(urth) Undine's nature

Gerry Quinn gerry at bindweed.com
Wed Oct 19 05:49:23 PDT 2011



From: Lee Berman 

> >she also apparently sleeps with Dorcas, who would be her gran.

 > Correct. I perceive the incest curse to extend across all members of Severian's family.
> This says something about his relationship to Agia and Agilus. (and explains the 
> impossible mutual  sexual attraction Severian and Jolenta feel for each other at 
> Ctesiphon's Cross)

I really don’t understand your obsession with this supposed “incest curse”.  The women Severian is attracted to comprise a remarkably even social, geographic and biological cross-section of the inhabitants of the Commonwealth, which as well as being convenient to an author wishing to describe the realm, probably also has symbolic value given that Severian will eventually become Autarch, and then the Epitome of Urth.  That they are all related to Severian – and therefore related among themselves – seems nigh on unbelievable.

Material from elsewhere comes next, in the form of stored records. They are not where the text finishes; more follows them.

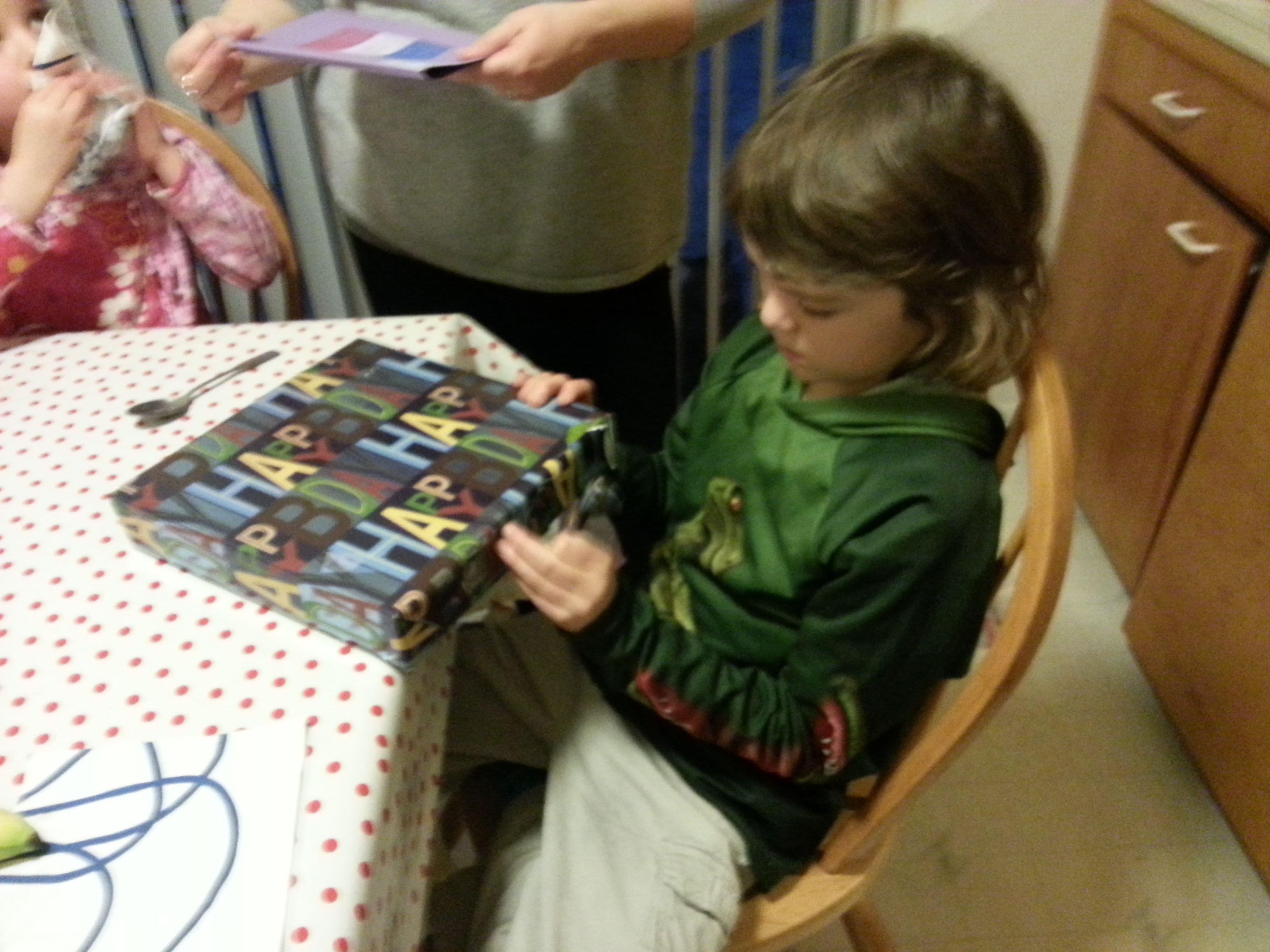 We had a small party at home the weekend before his birthday, with three friends coming over for a sleepover. That was a mixed success, with one of the kids needing to go home in the middle of the night because he was too scared to spend the night. Jonah’s actual birthday fell during the week, so he also cele
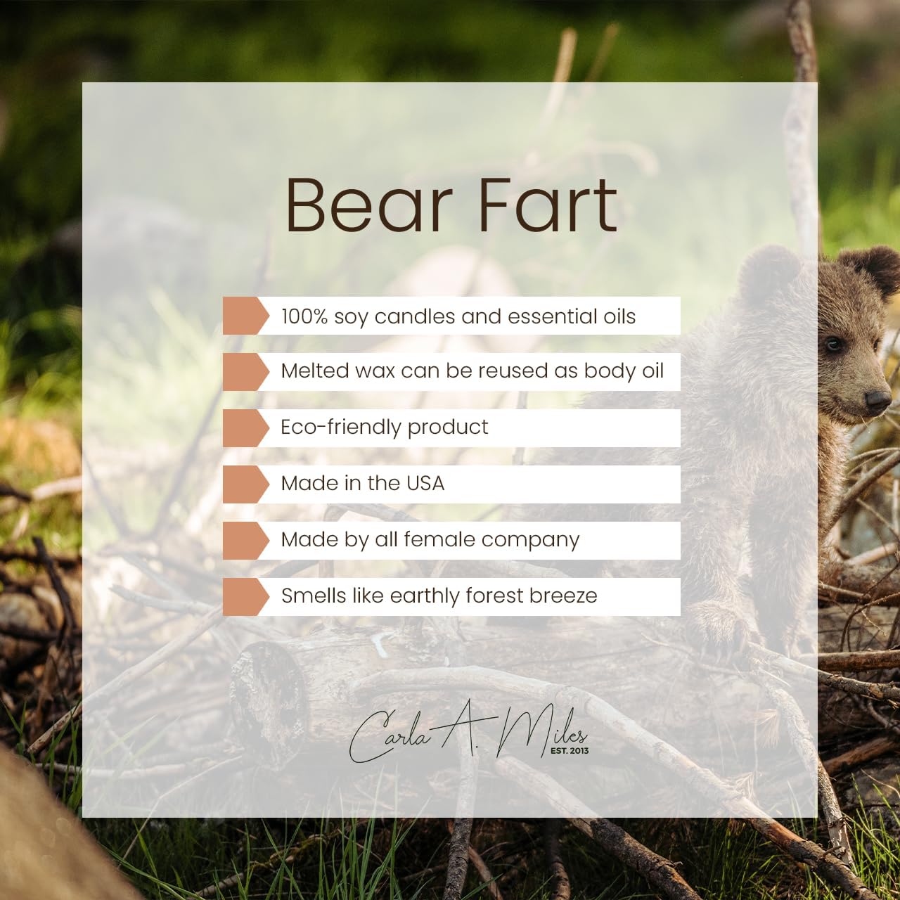 Organic Soy Wax Bear Farts Candle | Honey & Fruity Aroma | 100% Pure Soy & Essential Oils | Long-Lasting Scent | Hand-Poured in The USA | Perfect for Aroma Therapy (8oz)
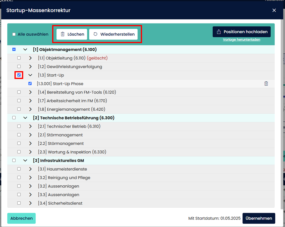Löschen und Wiederherstellen von Positionen:
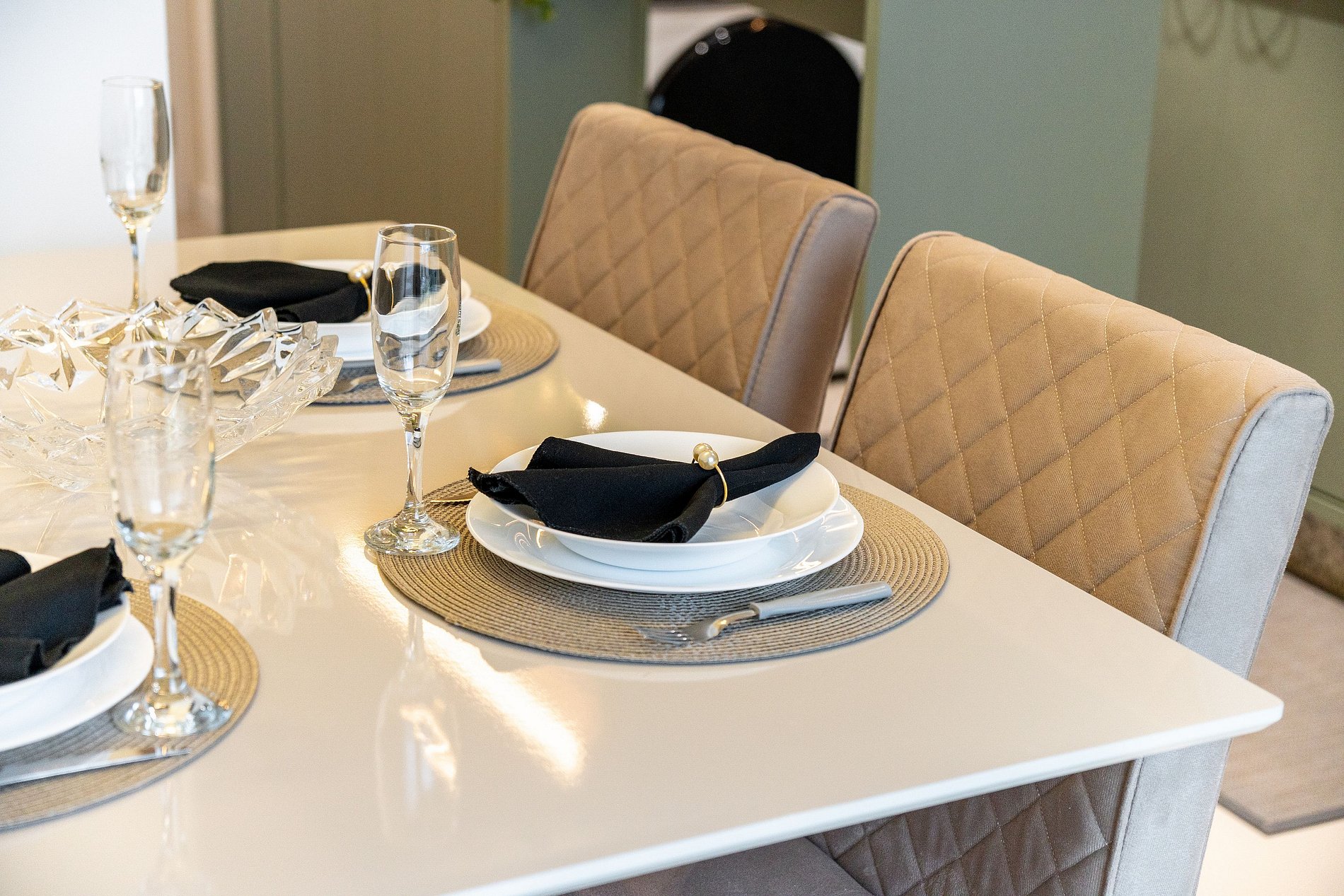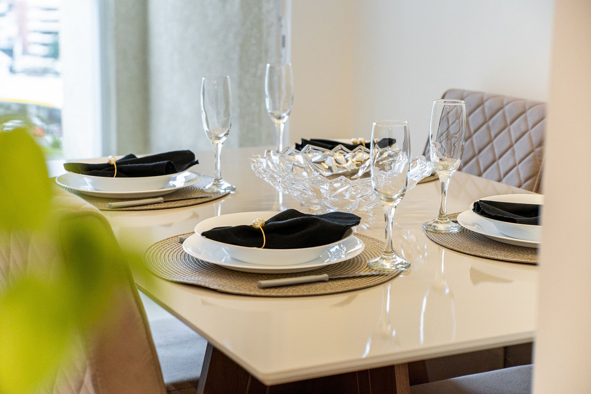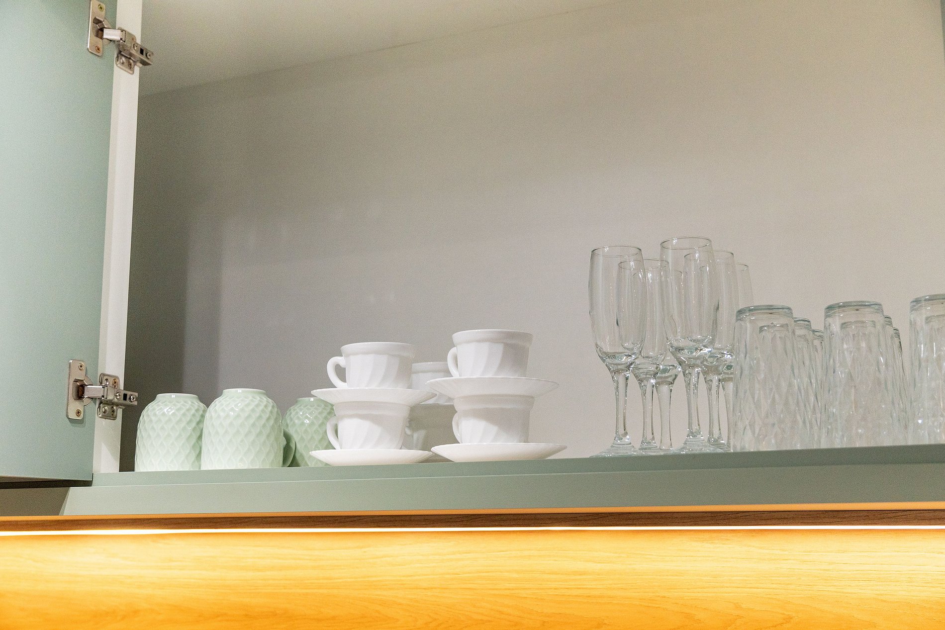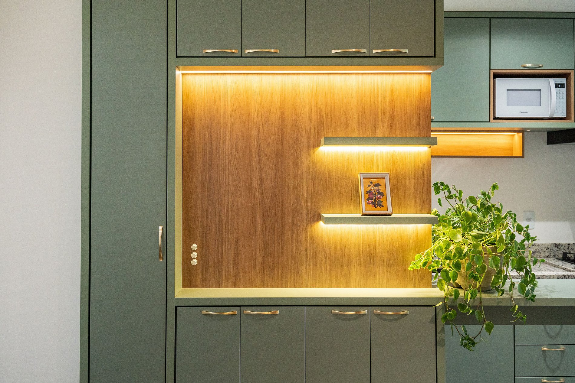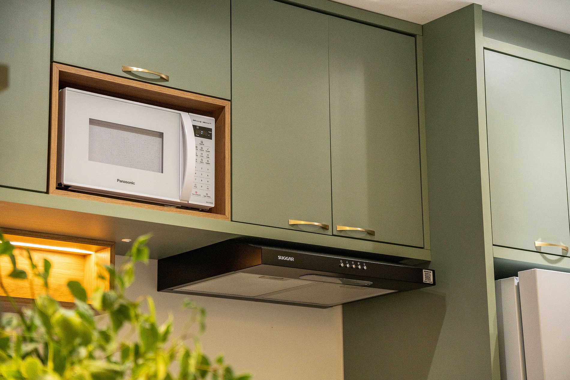 - Cozinha: geladeira, microondas, fogão, depurador, máquina de lavar e utensílios.
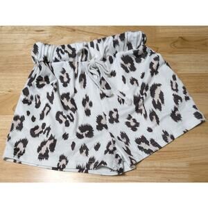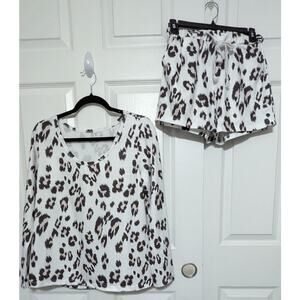 Women's Leopard Print Long Sleeve Top & Drawstring Short Set 2pc Loungewear Sz S

And *everybody* is attracted to Jolenta.  That’s the point of her.
 

> > Ruling out what most consider the most likely candidate for Severian’s putative sister, 
> >simply because he does not note that he is sexually attracted to her, seems a perverse 
> >reading in every sense of the word.

> This is a perverse story written by a perverse author. If your world/literary view still
> directs you to think of WOlfe as a very chaste and sexually virtuous author after 
> all these years I think that is to your eternal credit and speaks highly of your own
> morally upstanding nature.

Perverse it may be, but that doesn’t mean that every perversity imaginable must necessarily be omnipresent in the text.  Extraordinary hypotheses require extraordinary evidence.